Bovendien zijn alle gegevens uit de follow-up beïnvloed door de aansporingen in de nieuwsbrief.

Geen enkele statistische controle kan de kwaliteit van de follow-upgegevens herstellen tot datgene wat bereikt zou zijn met het in stand houden van de oorspronkelijke randomisatie. Niets kan de aansporingen corrigeren.

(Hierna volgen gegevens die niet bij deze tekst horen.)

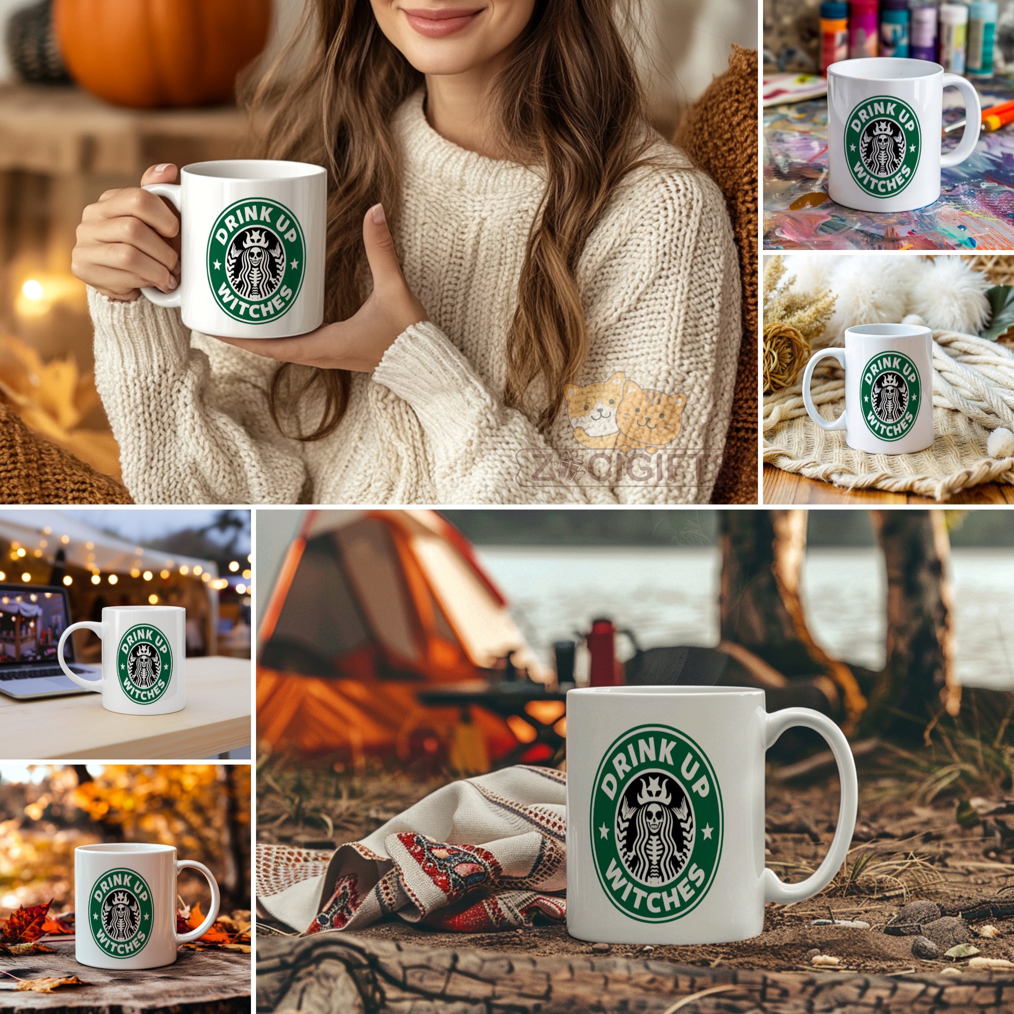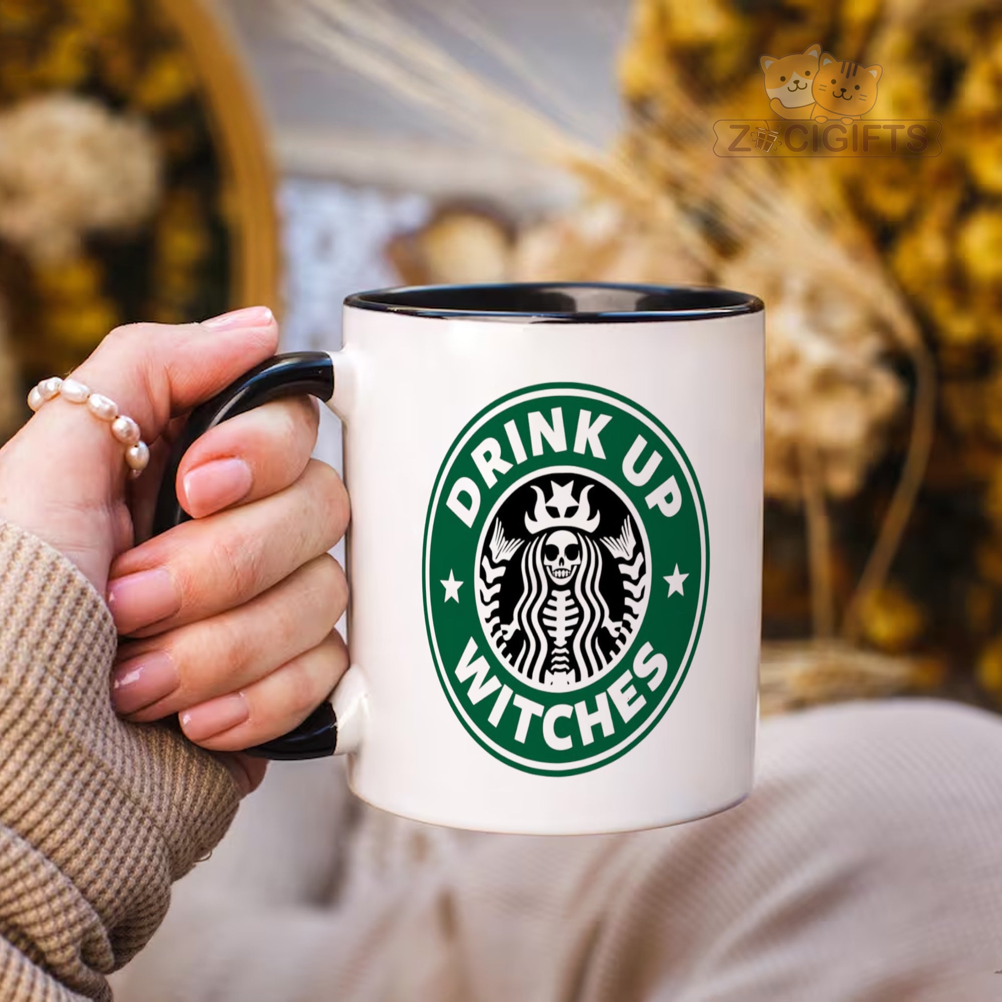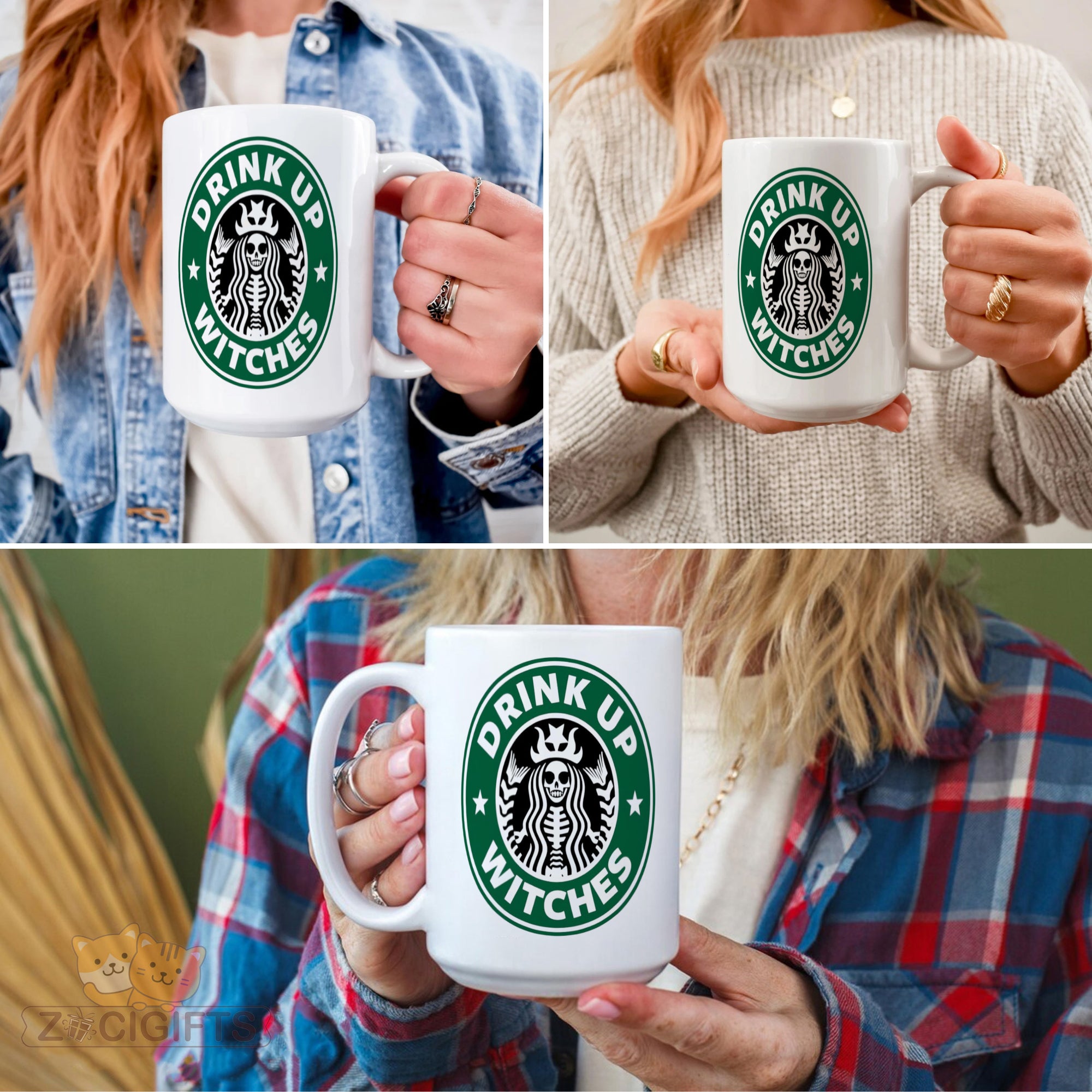 Add a spooky - yet - stylish touch to your daily beverage routine with our "Drink Up Witches" ceramic mug! This unique mug is a fun parody of the iconic Starbucks logo, featuring a skeleton - mermaid design that's perfect for Halloween or any time you want to embrace your witchy side. Whether you're sipping on coffee, tea, or your favorite potion - like drink, this mug is sure to bring smiles and spark conversations. Made from high - quality ceramic, it's durable and comfortable to hold. Ideal as a gift for witch lovers, coffee and tea enthusiasts, or anyone who appreciates a bit of spooky humor. Get yours today and make your drink time a little more magical and a lot more fun!

Desondanks probeerden de onderzoekers de uitval van deelnemers bij de follow-up en de vervolgbehandeling te corrigeren. Zij beschreven hun inspanningen in een technisch complexe passage, die ik hierna zal uitleggen:

Wij onderzochten de verschillen in de gemeten resultaten tussen de oorspronkelijke gerandomiseerde behandelgroepen met lineaire ‘gemengde’ regressiemodellen met de metingen bij 12, 24 en 52 weken, en resultaatmetingen bij follow-up op lange termijn als afhankelijke variabelen en variërende intercepten en hellingen uitgezet in de tijd om rekening te houden met herhaalde metingen.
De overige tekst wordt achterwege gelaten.